Please transcribe the data below in full. Omit any picture you find in it.

(Given data)

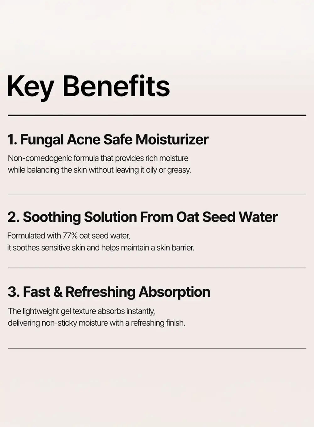 Gel cream enriched with Oat Seed Water to instantly calm dry and sensitive skin.
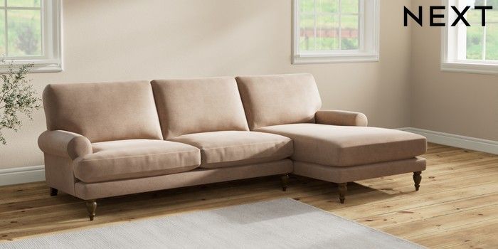7.2.10 Erin Deep Relaxed Sit Medium Sofa Chaise - Right Hand Luxe Chenille Mid Natural High Classic Turned - Mid | Made Click here to use our website with more accessibility support, for example screen readers
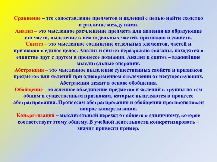 Обобщение – мысленное объединение предметов и явлений в группы по тем общим и существенным признакам, которые выделяются в процессе абстрагирования. Процессам абстрагирования и обобщения противоположен вопрос конкретизации.
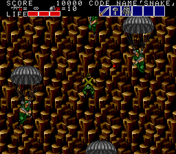 The bad news is Stage 4 starts with a sorta-unfair section- a mountain climb. A big mountain climb. Climbing here is the same as it's been in previous stages, but what you'll notice here is you can't move left or right- only straight up. As you climb, enemy paratroopers will start to float by, and if they're a certain distance from you, they'll fire, so you can only dodge by moving up and down! At the very least, running into them won't hurt you, it's just their bullets. If you start climbing in the cetnre, they'll fire less at you... Problem is, once you get to the top, a soldier will be waiting for you, and since he enters the screen from the middle, you basically can't avoid him. If you try to approach the cliff from the side, the enemy is far more likely to shoot you and actually hit you. So, you're gonna take a hit, no matter what you do. Bit of a shame, that.
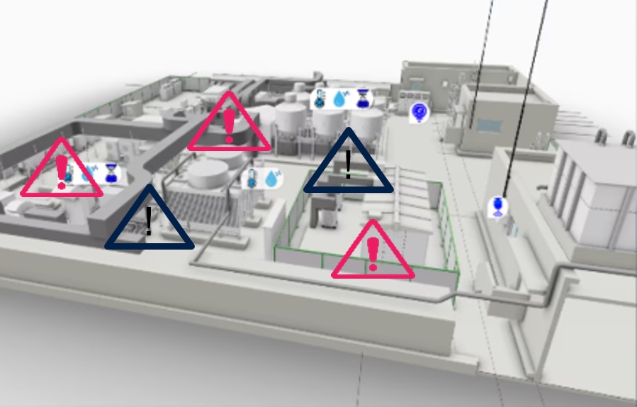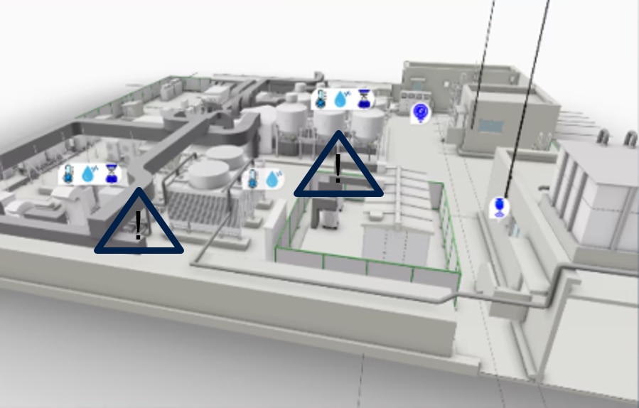 IoTセンサーのリアルタイム値をBIM上で可視化し、異常値の予兆をキャッチ。トラブル発生前に計画的な保全が行えるため、突発的な停止を防ぎ、生産機会の損失を防ぎます。

(End Given data)

◆ Answer to the exercise ◆
 Gel cream enriched with Oat Seed Water to instantly calm dry and sensitive skin.
7.2.10 Erin Deep Relaxed Sit Medium Sofa Chaise - Right Hand Luxe Chenille Mid Natural High Classic Turned - Mid | Made Click here to use our website with more accessibility support, for example screen readers
 Обобщение – мысленное объединение предметов и явлений в группы по тем общим и существенным признакам, которые выделяются в процессе абстрагирования. Процессам абстрагирования и обобщения противоположен вопрос конкретизации.
 The bad news is Stage 4 starts with a sorta-unfair section- a mountain climb. A big mountain climb. Climbing here is the same as it's been in previous stages, but what you'll notice here is you can't move left or right- only straight up. As you climb, enemy paratroopers will start to float by, and if they're a certain distance from you, they'll fire, so you can only dodge by moving up and down! At the very least, running into them won't hurt you, it's just their bullets. If you start climbing in the cetnre, they'll fire less at you... Problem is, once you get to the top, a soldier will be waiting for you, and since he enters the screen from the middle, you basically can't avoid him. If you try to approach the cliff from the side, the enemy is far more likely to shoot you and actually hit you. So, you're gonna take a hit, no matter what you do. Bit of a shame, that.
 IoTセンサーのリアルタイム値をBIM上で可視化し、異常値の予兆をキャッチ。トラブル発生前に計画的な保全が行えるため、突発的な停止を防ぎ、生産機会の損失を防ぎます。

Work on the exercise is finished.